At this point in my research endeavors, I have been involved with several different techniques and experiments compared to when I began last semester. Recently, I have been making some crucial and important discoveries and findings while working with four different cell lines of MCF7 cancerous breast cells including the non-targeting sequence (NT), 59, 75, and 91. I have been utilizing the 3D hanging drop plate technique, which is where a plate of 12 columns and 8 rows are lined with tiny wells that contain no more than 50 microliters in volume each. The purpose of the hanging drop plate is to form spheroids at the bottom of each well that contains clumped spheres or cells. Growing cells in clusters or 3D mammospheres, being the proper term, mimics how cancerous tumors form in reality and thus is a considerably decent 3D tumor model. Being able to grow cells in 3D is a huge benefit to gathering more efficient results and puts us one step closer to essentially programming these cells to undergo apoptosis, just as we successfully did in 2D cells by knocking down PNUTS, the binding subunit to PP1.
Several difficulties I have encountered throughout this project has been shooting the spheroids through the hanging drop plate and into a conical tube for collection and extracting the protein from the mammospheres without breaking fully apart after being spun down. I have tried several methods of collecting the mammospheres from the hanging drop plates including pipetting off of the top or bottom of the plates to the more preferred shooting through method, which is where I pipette MCF7 media or PBS as well as air through each well to allow each mammosphere to drop through the top portion of the plate into a conical tube or 96 well plate. One downside to the hanging drop plate at the time of mammosphere collection is that some of the spheres may have already dropped through the top portion of the plate and settled on the bottom layer, thus reducing the amount of spheres I can essentially shoot through. Typically after collection and spinning down, the supernatant, which is the liquid on top of the pellet is dumped and carefully suspended up using Pasteur pipettes, however there are times where the pelleted spheres will follow with the uptake and sometimes break apart. This results in an even more challenging approach of lysing the mammospheres in order to collect their protein and actually wind up with a significant amount of it to continue on to a Western blot for further evaluation of the presence of Rb, Actin, or PNUTS. My protein assays have been yielding negative values for my protein concentrations, which means barely any protein was present in my 4 unknown samples.
However, I continued on with running a gel and eventually performing a Western blot to test for the presence of PNUTS and Actin. One idea Dr. Krucher had in mind was to find a gel that can hold a larger amount of volume in the wells compared to my limited amount of 50 microliters would could be effecting my results on the Western for protein presence. Just recently, Dr. Krucher ordered a new gel that we are currently practicing with now that can hold up to around 120 microliters in volume in each well, a significantly larger number that could positively alter my results and hopefully yield a more abundant amount of protein in my 4 samples. So far, the new gel seems to be significantly working, however I have not been able to run it fully through yet; I still need time to work with it and see if it is a better fit than the previous 7.5% smaller-welled gels I was using.

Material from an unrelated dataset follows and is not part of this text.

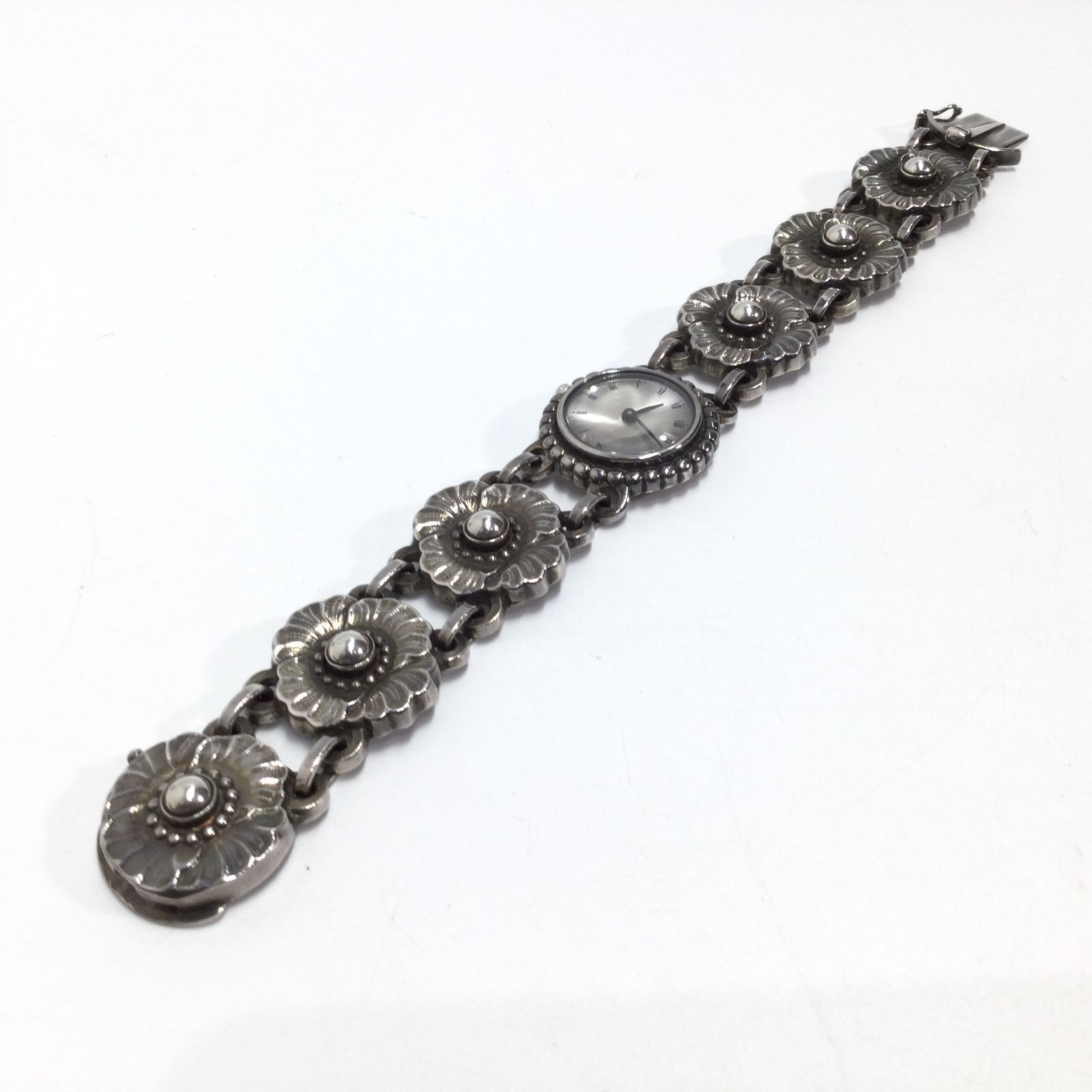 GEORG JENSEN 2366 フラワーモチーフ ブレスレット ウォッチ デンマーク製 シルバー925
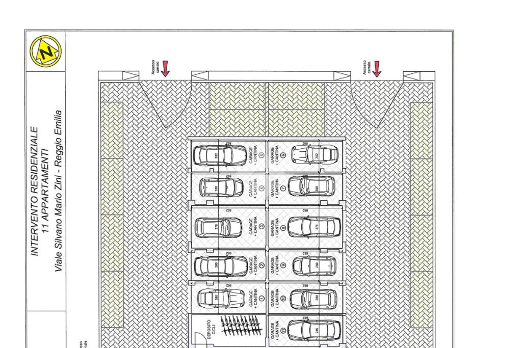 Al piano terra sono inoltre localizzate le autorimesse, disponibili al costo supplementare di 25000 euro, le cantine, spazi comuni come locali di deposito; sono inoltre disponibili i posti auto scoperti al costo di 9000 euro cadauno.

Even though I do not have definite results for this specific project yet, I am still eager and determined to continue my research and discover if whether or not this gel in fact is more significant and essentially if I can wind up causing cells to go through apoptosis, my ultimate, overall goal for all of my research. I have an accumulation of results from other projects that have helped me lead up to this point as well as findings from all of my more introductory work with cells growing in 2D environments. Dr. Krucher and I are still very engrossed in this project and how it will turn out; we are not going to give up hope or lose our motivation. Overall, my research projects have impacted me in such a positive and intriguing way, which I am very grateful for. I become excited when I achieve significant results or even over the smallest occurrences such as receiving pellets in all four of my samples after being spun down. Becoming involved in breast cancer research has sparked me to grow closer to my faculty advisor who has done so much for me up to this point in my undergraduate career as well as express my excitement and knowledge to my grandmother who is a two-time breast cancer survivor and in essence developing an even stronger connection with her. The field of research has opened my eyes to a very different and challenging world around me and I appreciate it and the individuals involved in it. There is so much more that this area of research can teach me, and I am definitely willing to explore it further and continue learning as much as I can as I resume my studies here at Pace.